Who would have thought it would be so difficult to find a good tortilla chip? A tortilla chip is made simply by frying wedges of corn tortillas (sometimes they are referred to as corn chips). Perhaps our perspective is warped: We mostly eat chips at better Mexican restaurants, where they are either made in-house or purchased fresh from specialist suppliers, and served unsalted. They are so good—and the homemade salsa fresca so much more refreshing than the very good jarred varieties we eat at home—that we’d be happy just to have two baskets of chips and salsa for dinner.
Our foray into packaged chips was a different experience entirely. Half the brands tasted dusty—the taste on the palate was dry and powdery. Half were overly salty and several had both flaws. Some—especially supermarket brands—were so dusty and salty as to be unenjoyable, the excessive salt burning our lips (a new and unpleasant experience) and making us want to wash away the salt and the dusty taste with lots and lots of beer. But, this being the middle of the work day, we soldiered on.
We read the ingredients on each bag.

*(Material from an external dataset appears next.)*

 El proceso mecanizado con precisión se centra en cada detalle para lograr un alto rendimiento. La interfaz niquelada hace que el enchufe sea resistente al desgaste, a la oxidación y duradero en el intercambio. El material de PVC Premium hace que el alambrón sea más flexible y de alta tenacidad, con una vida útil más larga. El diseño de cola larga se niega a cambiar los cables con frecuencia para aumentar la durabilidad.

It’s interesting how such a simple product—most of the better chips used stone ground corn and were fried in canola and/or sunflower oil, then seasoned with salt—taste so different. Lime juice added to some brands, presumably as a flavor enhancer, was not discernable, and the brands with the added lime juice were not the “winners.”

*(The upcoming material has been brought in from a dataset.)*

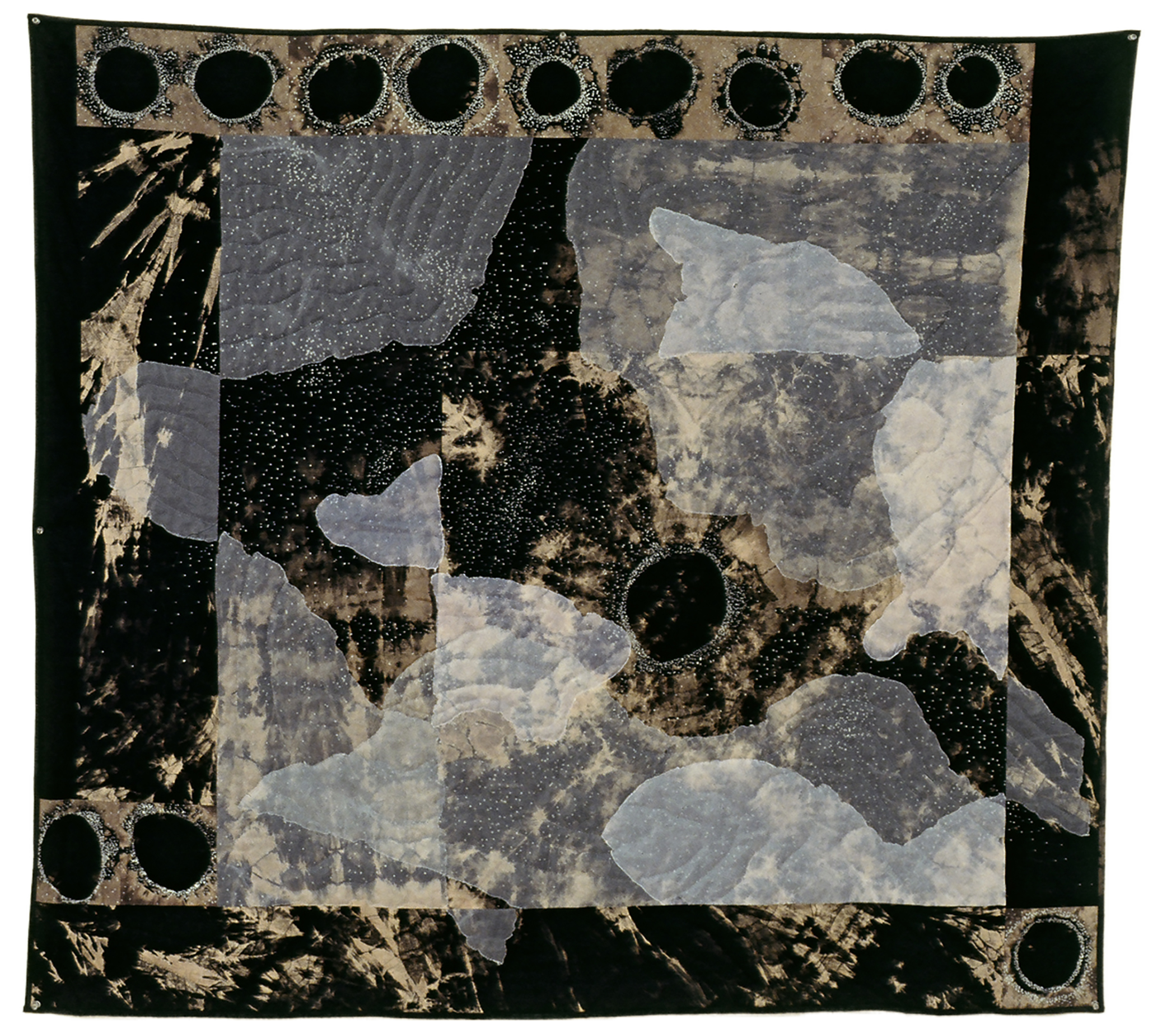 An astronomer once told me that within one year we would have a photograph of a black hole, as the thinning of the ozone layer is a boon to astronomers. They are able to observe more of the heavens because of its diminishment. This quilt was included in Quilt National 1991.

We tasted only plain chips, by the way, not flavored varieties (Chili & Lime flavor, Guacamole flavor, e.g.). We did include a brand that mixes corn with whole wheat and rice, or beans. But, when making simple products—burgers from ground round, linguine from durum wheat or tortilla chips from ground corn—seemingly similar base ingredients do vary widely in quality, as do production techniques, and result in remarkably different end products.
Chip Notes
- The chips in our survey range from 130 to 150 calories per ounce. On the low side are Frontera Foods, because they are cooked in water with a bit of oil, rather than fried in oil.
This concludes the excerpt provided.